Just after signing a written informed consent to participate, patients will randomly be assigned either to the experimental group (Polihexanide bundle) or to the control group. Block randomization (blocks of 10 patients per single participating center) will be performed using an unstratified computer generated randomization list. All operations will be performed according to local criteria of the participating center. Hair removal will be accomplished on the day of surgery with electronic clippers. Alcohol-based solutions of chlorhexidine for surgical site skin preparation will be used. A first dose of perioperative i.v. antibiotics will be administered 30 minutes before skin incision (choice of the antibiotic according to local criteria) in all patients. Additional intraoperative doses will be administered for procedures exceeding two half-lives of the antibiotic. At the end of the operation, the peritoneal cavity will be rinsed routinely with 0.9% sodium chloride solution (normal saline, NS) at body temperature. Before closure of fascia, instruments and gloves will be changed. The eventual placement of drain(s) in the peritoneal cavity and/or creation of an intestinal stoma will be recorded. No subcutaneous suture or drainage will be done. Skin will be closed with either staples, intracutaneous running suture or interrupted sutures.
Potential patient-specific and intraoperative risk factors will be recorded: sex, age, body mass index, nutritional status, frailty, indication to surgery (benign vs. malignant disease), perioperative administration of steroids, renal failure and dialysis, cardiovascular or respiratory disease, American Society of Anesthesiologist class, bowel preparation, type of approach, operative time, presence of peritoneal cavity drainage. During the postoperative period, patients will be examined by the attending surgeon daily. Fever (central temperature > 38 °C), pulse, abdominal signs, bowel movements, volume and aspect of drainage (if present) will be recorded daily. The local attending surgeon will make any decision for complementary exams and imaging according to his own criteria. The rate of any adverse event will be calculated and graded according to the Clavien-Dindo criteria [19] and to Japan Clinical Oncology Group Postoperative Complications (JCOG-PC) extended criteria [20], including all anastomotic leaks, wound infection (according to the definitions of the Centers for Disease Control and Prevention and wound culture), pneumonia (clinical symptoms, and physical and radiological examinations), central venous line infection (positive blood culture), urinary tract infection (positive urine culture with bacterial count). ERAS pathway items will be defined according to national [27] guidelines, measuring adherence upon explicit criteria. All data will be recorded for a minimum of 8 weeks (60 days) after surgery.

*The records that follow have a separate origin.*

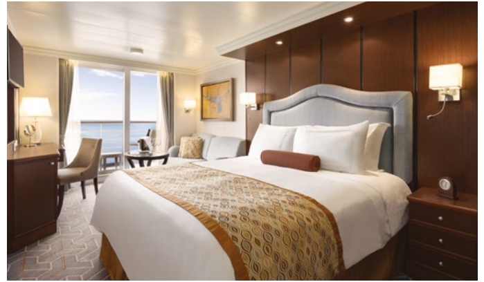
Camarote Concierge Veranda
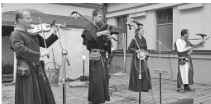
Dei Gracia přinesla do Domažlic středověkou atmosféru.
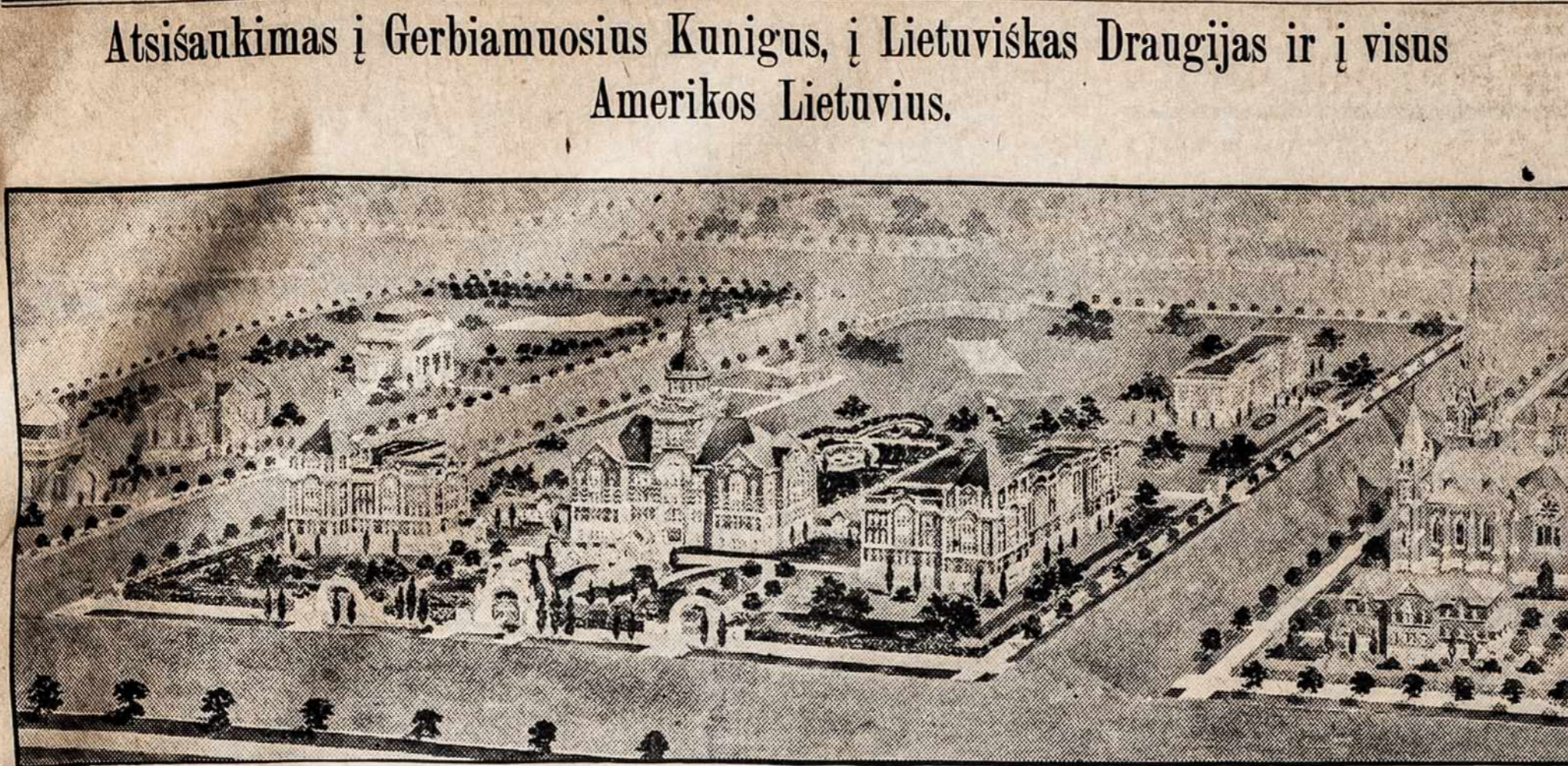
Plenas Naujos Sv. Stanislovo Kolegijos, Chicago, Ill.

Sv. Stanislovo Kolegija įsteigta ir atidaryta 1892 metuo- se su tiesažinyne Illinois valstybės. Kolegija yra užlaikoma lenkų vienuolių, "Tėvų iš Numirusių Priskelimo." Lietuvių jaunuomenė nuo pat pradžių atidarymo lanko Sv. Stanislovo Kolegiją. Nors nedidelis jų būrelis Kolegiją lanko, bet vienok kas metai jų būna po devynis arba ir dau- giaus. Čionai lietuviai turi savo knygyną ir draugijų vardu, "Maironio Literatishkoji Draugija." Lietuvių mokiniai lavi- nasi tarp savęs lietuvių kalboje ir literaturoje du kartu per savaitę. Jaigu ateinančiais metais lietuvių rasis skaitlinges- nis būrelis, tai bus įvesta mokslo programan lietuvių kalba. Šiame laike Sv. Stanislovo Kolegija randasi palei Divi- sion gatvę, kur norints bustas ir gana ruimingas, bet kasmetai darosi vis ankštesnis, suplaukiant iš visų kraštų daugiau mo- kinių. Taigi "Tėvai iš Numirusių Priskelimo" neseniai nuta- rė pastatyti naują ir daug ruimesnę Sv. Stanislovo Kole- giją. Tam gražiam užnamui visoje Amerikoje tarp lenkų ir lietuvių renkamos aukos. Naujoji Kolegijoj apart gimna- zijos kurso bus aukštesnis universiteto skyrius, bus aukštesni mokslai. Taigi atsiliepiame į Jus Gerbiamieji Lietuviai Kunigai, Lietuvių Draugijos ir abelnai į visus Amerikos Lietuvos, pa-
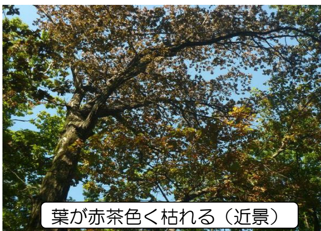
葉が赤茶色く枯れる（近景）
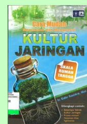
Cara Mudah Memahami dan Menguasai Kultur Jaringan skala rumah tangga
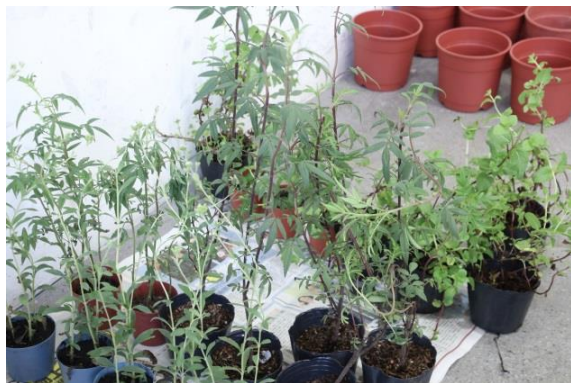
說明：項次二：觀察香草根莖葉
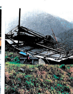
dopo l'evento (ottobre 2023)
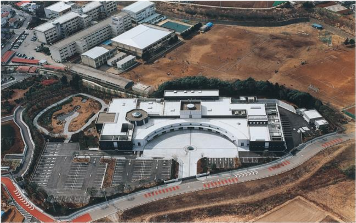
ウイングホール柏斎場全景
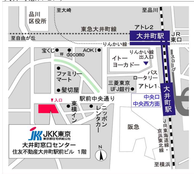
大井町窓口センター
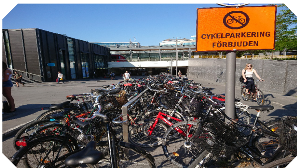
Följ lagar och regler, så är risken för böter mindre!
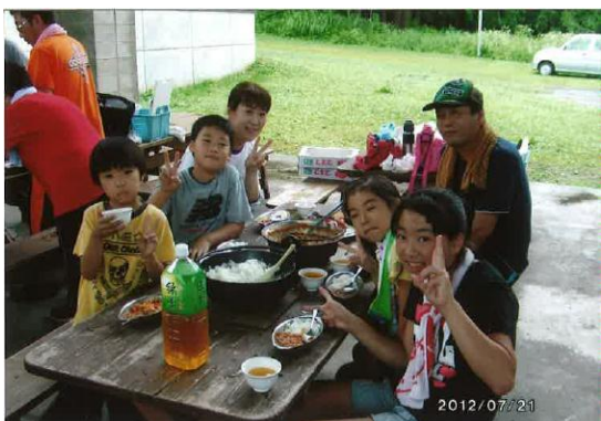
7月21日 子ども会合宿にて、子どもたちが作ったトマトを使ってのカレー作りをお手伝いしました
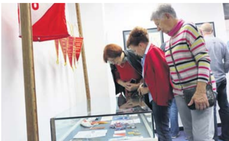
Na izložbi prezentirana bogata povijest HPD-a Papuk
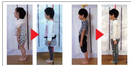
草履サンダルによる姿勢変化
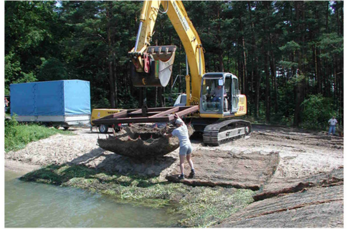
Mit Hilfe einer Traverse werden die einzelnen Elemente der Röhrichtgabione an dem vorgesehenen Standort plaziert.
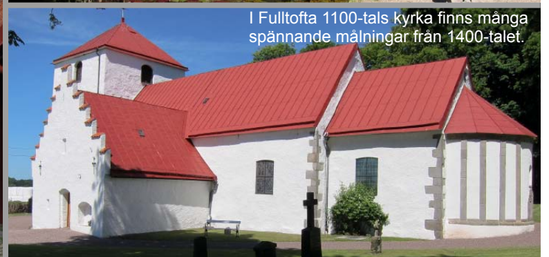
I Fulltofta 1100-tals kyrka finns många spännande målningar från 1400-talet.
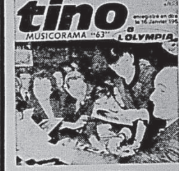
TINO ROSSI "A L'OLYMPIA" Naple au baiser de feu — La paloma — Tchi-Tchi — J'avais vingt ans. Mono 67109
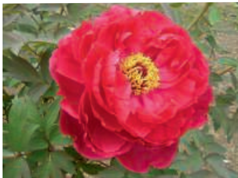
Auch die Pfingstrose, hier Paeonia Suffruticosa „Shima-nishiki“, weist auf die Schönheit der Schöpfung hin.

So ähnlich ist es mit dem Heiligen Geist. Wir sehen ihn nicht, aber wir können sein Wirken erkennen. Er war dabei, als die Welt erschaffen wurde – und wir können auch heute die Schönheit der Schöpfung bewundern. Er ist der Atem, der uns Menschen geschenkt wurde, damit wir leben. Er ist die Weisheit Gottes, von der die Propheten und die Heiligen bezeugen. Durch ihn hat Jesus, das ewige Wort Gottes, Fleisch angenommen. Der Heilige Geist wurde schließlich den Jüngern gesandt, damit sie im Glauben gestärkt, die frohe Botschaft in die ganze Welt tragen können.
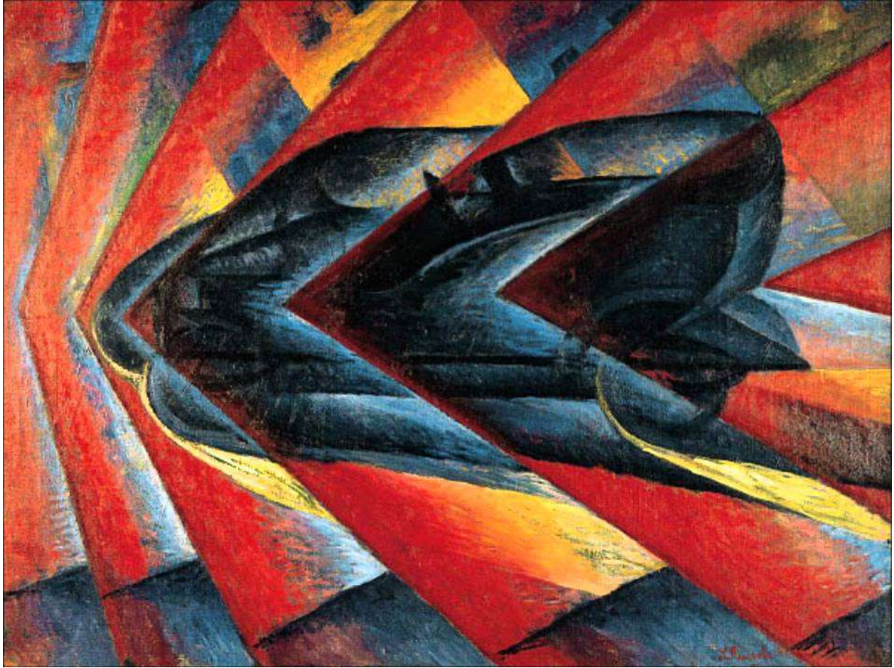
Luigi Russolo, Dinamizam automobila, 1913.
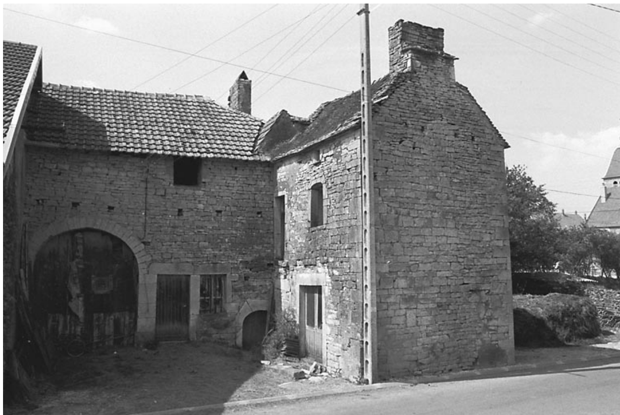
Ferme avec habitation débordante : façade antérieure.
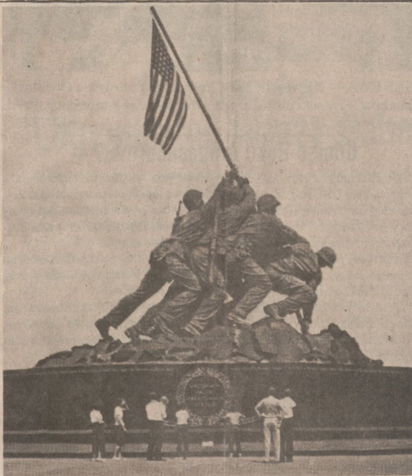
ARLINGTON, VA. — Pomnik bohaterów walk na Iwo Jima.

Z informacji uzyskanych przez "Bild" wynika, że spośród 23 libijskich dyplomatów, którym władze RFN nakazały opuszczenie kraju, jedenastu w dalszym ciągu przebywa w Niemczech Zachodnich, dwóch zaś "zeszło do podziemia".
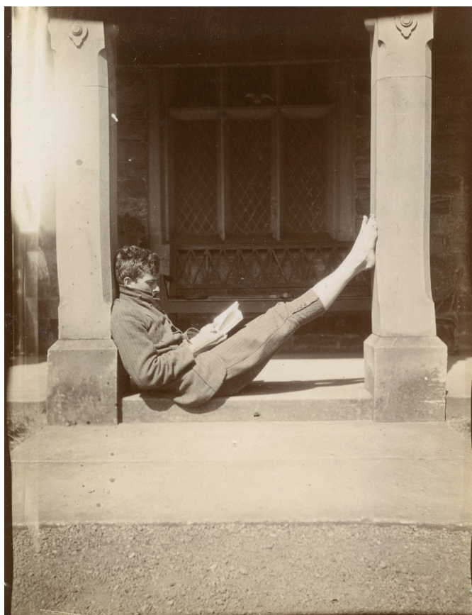
Photographe amateur États-Unis, vers 1900 Aristotype. 11,9x8 cm

Vernissage le samedi 11 mai de 14h à 20h
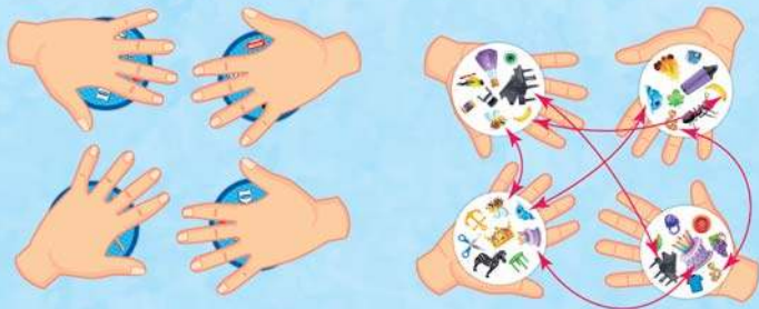
Приклад роздачі карточок на 4-х гравців

Підготовка до гри. Цей варіант гри проходить у декілька раундів. Після перетасовки колоди, гравці отримують по одній карточці. Решта карточок відкладаються в сторону до наступних раундів. Кожен учасник кладе свою карточку собі у долоню (див. мал.).
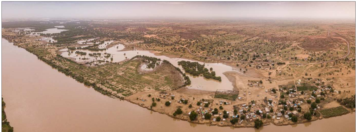
Le village de Tokomadji sur la berge convexe d'un méandre du fleuve Sénégal.
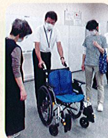
車いすの使い方や種類などをレクチャー
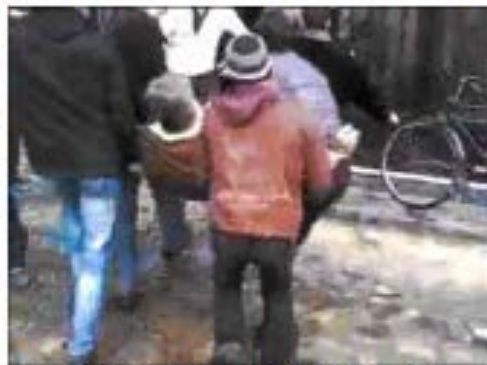
Varios hombres trasladan a un herido en la ciudad siria de Homs. 1218

La misma agencia aseguró que las tropas leales a Damasco se habían enfrentado a sirios en la frontera con Turquía con un grupo armado que intentaba cruzar desde el sector país, y varios de sus integrantes habían resultado muertos o heridos.
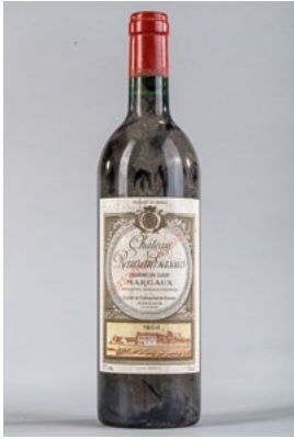
93 Une bouteille Château Rauzan Gassies 2è Gcc Margaux 1984 € 20 - 30
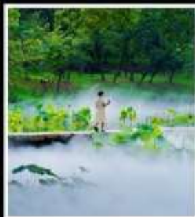
สวนสาธารณะหยวนไท่จู่
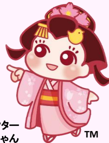
イメージキャラクター 桜姫ちゃん TM
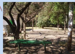
Застарілі конструкції лав для відпочинку, відсутність урн для сміття
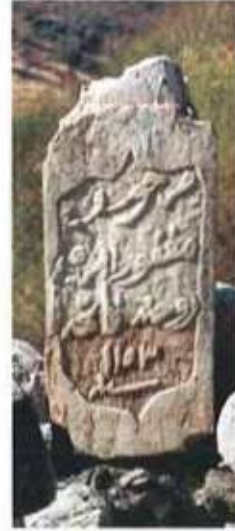
Res. 10. H 1153 tarihli İbrahim'e ait mezar taşı.
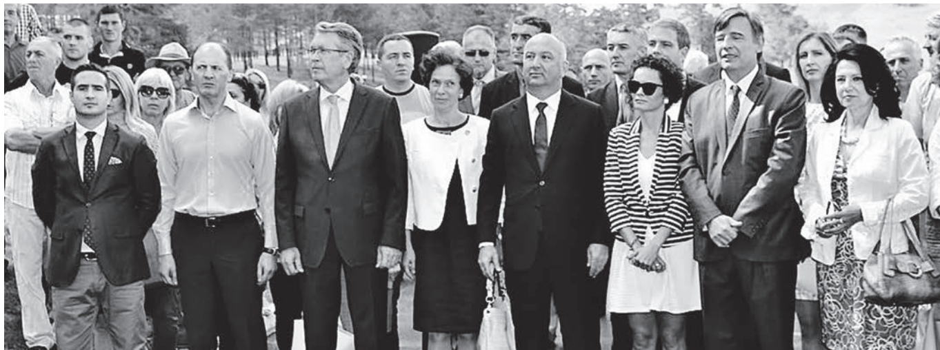
Свечаности су присуствовали и угледни гости
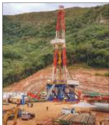
Un pozo petrolero de YPFB.

En nueve meses de 2025, los ingresos llegaron a $us 760 millones
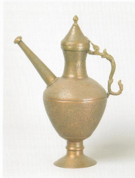
Ил. 4 Сосуд для воды. Газни. Первая половина 20 в. Медь, арабировка. Высота 38 см.
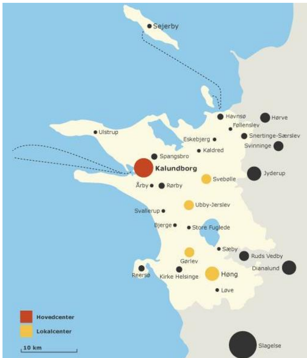
Figur 4 Bymønstret i Kalundborg Kommune jf. Kommuneplan 2017-2028.

Derudover er der defineret en række landsbyer, se Figur 4.
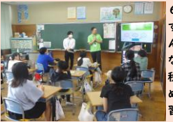
6年生の租税教室です。税金がないとみんなの暮らしはどうなるのか。税金はどのように集められているのか学習しました。
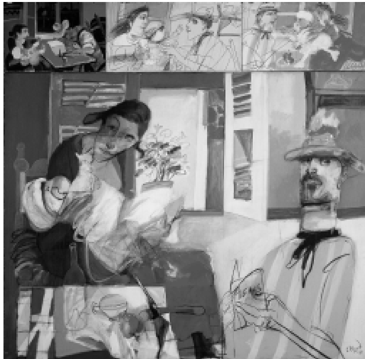
Con pan y trabajo, collage, 1968

En 2004 la presencia del talento creador de Carlos Alonso es contundente. Un despliegue de exhibiciones y proyectos se suceden en distintos ámbitos. En la
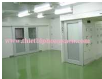
Phòng thổi khí tự động
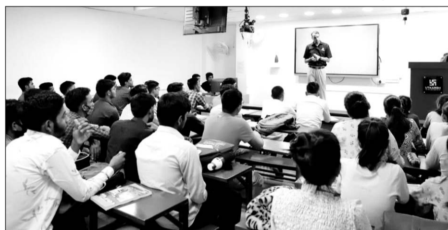
उत्कर्ष क्लासेस द्वारा बालोतरा में 10 वीं तथा 12 वीं बोर्ड उत्तीर्ण विद्यार्थियों के लिए व्यक्तिगत रूप से वन टू वन काउंसलिंग सेशन का आयोजन रखा गया।

जोधपुर, (कासं)। उत्कर्ष क्लासेस द्वारा बालोतरा के होटल मिलान में 10वीं तथा 12वीं बोर्ड उत्तीर्ण विद्यार्थियों के लिए शुकवार प्रातः 10 बजे से शाम 5 बजे तक व्यक्तिगत रूप से वन टू वन काउंसलिंग सेशन का आयोजन रखा गया। काउंसलिंग सेशन में उत्कर्ष, नीट-जेईई के एक्सपर्ट्स द्वारा विद्यार्थियों का व्यक्तिगत तौर पर मार्गदर्शन किया गया जिसमें विद्यार्थियों ने अपने भावी कैरियर हेतु मेडिकल या इंजीनियरिंग के विकल्पों में से सर्वोत्तम विकल्प का चयन व चयन में आने वाली सामान्य समस्याओं तथा उनसे जुड़ी अपनी जिज्ञासाओं का उचित समाधान प्राप्त किया।
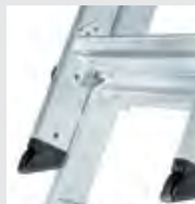
Beschläge zur Arretierung
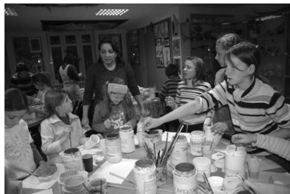
Dzieci na zajęciach w GOK.
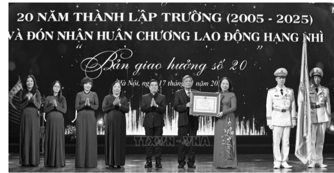
● Phó Chủ tịch nước Võ Thị Ánh Xuân trao Huân chương Lao động hạng Nhì của Chủ tịch nước tặng Trường THCS Đoàn Thị Điểm (quận Nam Từ Liêm, Hà Nội).

Sáng 17/1, Trường Trung học Cơ sở Đoàn Thị Điểm (Hà Nội) tổ chức Lễ kỷ niệm 20 năm thành lập Trường và đón nhận Huân chương Lao động hạng Nhì.
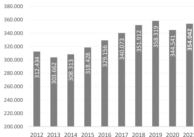
Afiliats per residència padronal. 30 de juny. Total.

Respecte al mateix trimestre previ a la pandèmia (juny 2019), el nombre d'afiliats augmenta un 6,8% entre els de 45 anys o més, mentre que disminueixen un 7,8% entre els menors de 45 anys.
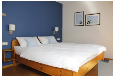
Schlafzimmer mit Doppelbett

(54 m 2 ) in 1. Etage (DG) für 4 Personen
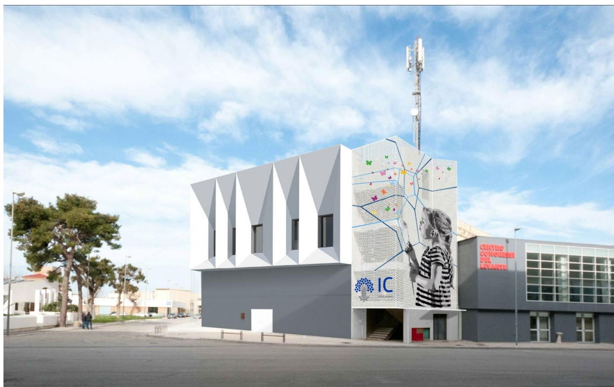
L'esterno della nuova sede di InfoCamere a Bari

Ufficio stampa 06.44285403-310 www.infocamere.it ufficiostampa@infocamere.it
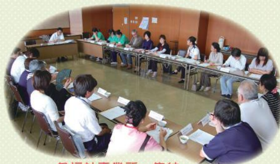
各福祉事業所、集結
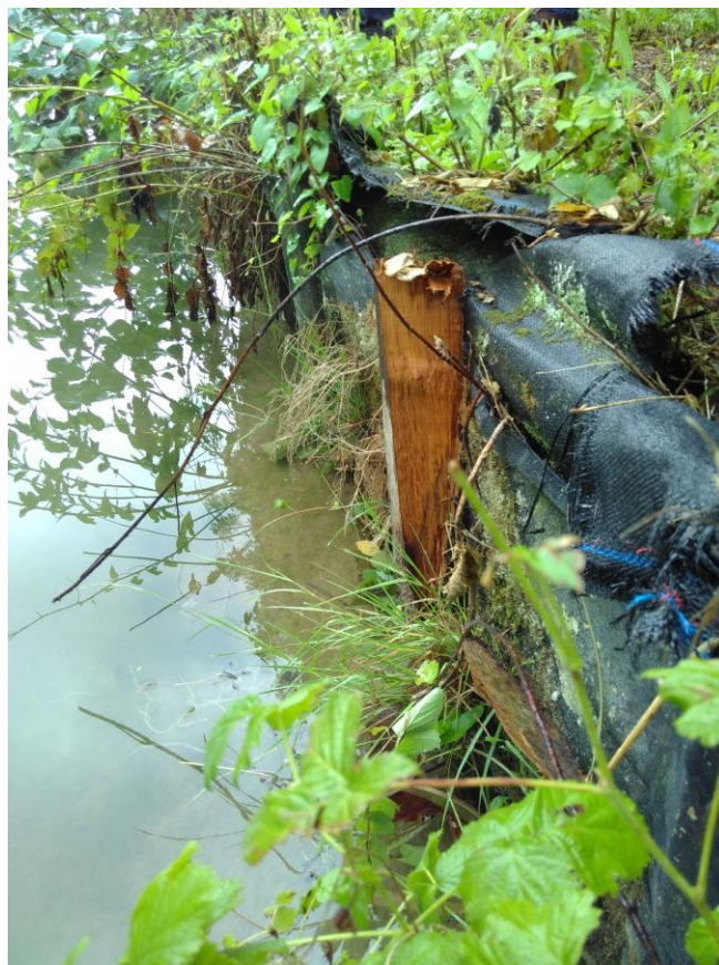
Figure 9. D'après l'exploitant, aucune réparation n'a été nécessaire sur cette planche d'essais, et les dégradations recensées (déchirure, éclatement de la tête des pieux en bois) n'impactent aucunement l'état fonctionnel du tunage géosynthétique
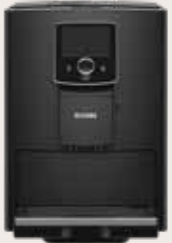
NICR 8'20 Zwart/Chroom
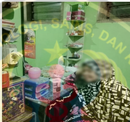
Gambar Pemberian Aromaterapi Cendana Pada Ibu Menopause
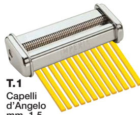
T.1 Capelli d'Angelo mm. 1,5
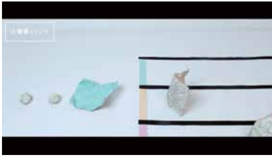
映像デザイン専攻 タイトル：SLEEPING FACTORY

PROM questionnaires will be administered to all enrolled patients four to one week before the planned operation, at discharge, and 6 to 8 weeks after the operation.
After anonymization, all data of each single case will be prospectively uploaded by local investigator(s) on a web-based database, protected by individual access credentials, and incorporated into a spreadsheet for data analysis. Any eventual discrepancy and/or mismatch will be checked, addressed and solved through strict cooperation between coordinating and local investigators.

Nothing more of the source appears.